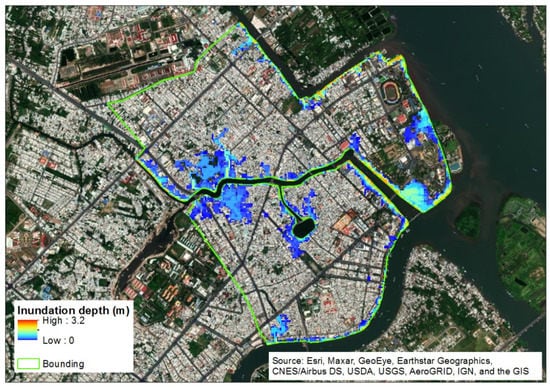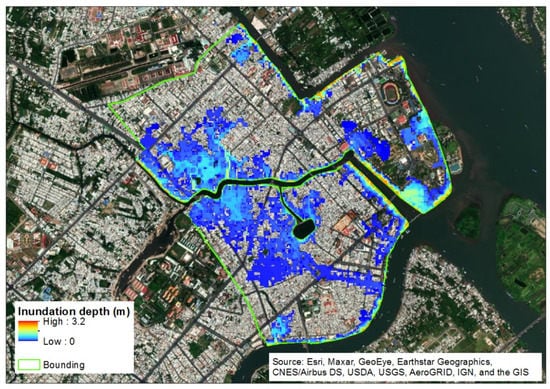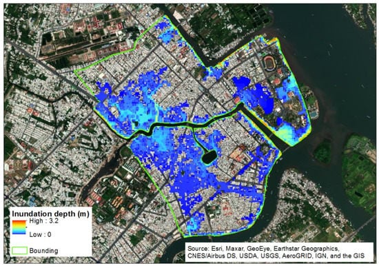 The Inform output can help the strategic planners to determine optimal protection levels for FRM infrastructure, preparedness measures for the study area and develop appropriate policies to support FRM and strategize delta planning [40]. More specifically, the river water level generates maximum inundation depths at grid level in the city center (Figure 2) and will help identify the flood hazard in those grid cells, which would help the determination of flooding hotspots. The flood hazard map can also help the city officials to identify critical infrastructure and community at the risk of flood by overlaying the inundation map on their critical infrastructure and demography GIS database. Grid level flood hazard details from Inform can lead to the development of flood hazard ranking of grid cells or community pockets, which is a vital piece of information to channelize relief actions in the event of flooding. This will aid the city administration to contextualise the flood risk problem in Can Tho and help planning, implementation and coordination of FRM and relief measures in the near future or in the long term [41].
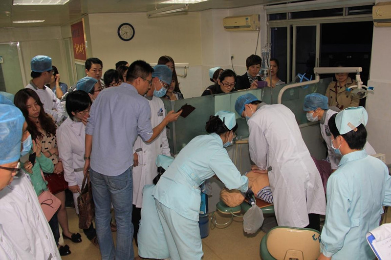 按照医院的统一安排与部署,2013年10月31日下午,修复科和特诊科联合急救演练在修复科第三诊室进行。院医务科张志兴科长、急诊科钟萍萍副主任、护理部陈昕波副护士长全程观
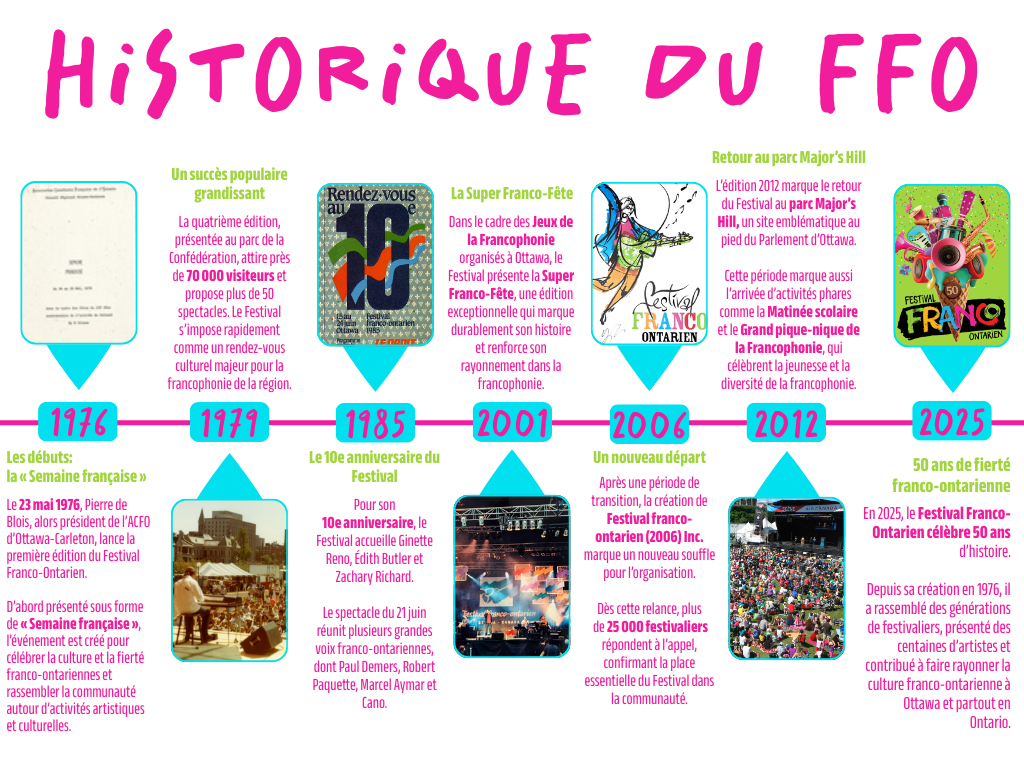 Le Festival Franco-Ontarien, créé le 23 mai 1976 par Pierre de Blois, alors président de l’ACFO d’Ottawa-Carleton, s’est rapidement imposé comme un pilier de la francophonie en Ontario et une véritable vitrine de la culture francophone. L’an dernier, le Festival a franchi le cap symbolique de son 50e anniversaire, célébré en grandes pompes, confirmant plus que jamais la fierté et la vitalité de la communauté franco-ontarienne.

####

__What you will do__. When you set down the material above, keep every word exact and include no pictures.

__Expected answer__.
 The Inform output can help the strategic planners to determine optimal protection levels for FRM infrastructure, preparedness measures for the study area and develop appropriate policies to support FRM and strategize delta planning [40]. More specifically, the river water level generates maximum inundation depths at grid level in the city center (Figure 2) and will help identify the flood hazard in those grid cells, which would help the determination of flooding hotspots. The flood hazard map can also help the city officials to identify critical infrastructure and community at the risk of flood by overlaying the inundation map on their critical infrastructure and demography GIS database. Grid level flood hazard details from Inform can lead to the development of flood hazard ranking of grid cells or community pockets, which is a vital piece of information to channelize relief actions in the event of flooding. This will aid the city administration to contextualise the flood risk problem in Can Tho and help planning, implementation and coordination of FRM and relief measures in the near future or in the long term [41].
 按照医院的统一安排与部署,2013年10月31日下午,修复科和特诊科联合急救演练在修复科第三诊室进行。院医务科张志兴科长、急诊科钟萍萍副主任、护理部陈昕波副护士长全程观
 Le Festival Franco-Ontarien, créé le 23 mai 1976 par Pierre de Blois, alors président de l’ACFO d’Ottawa-Carleton, s’est rapidement imposé comme un pilier de la francophonie en Ontario et une véritable vitrine de la culture francophone. L’an dernier, le Festival a franchi le cap symbolique de son 50e anniversaire, célébré en grandes pompes, confirmant plus que jamais la fierté et la vitalité de la communauté franco-ontarienne.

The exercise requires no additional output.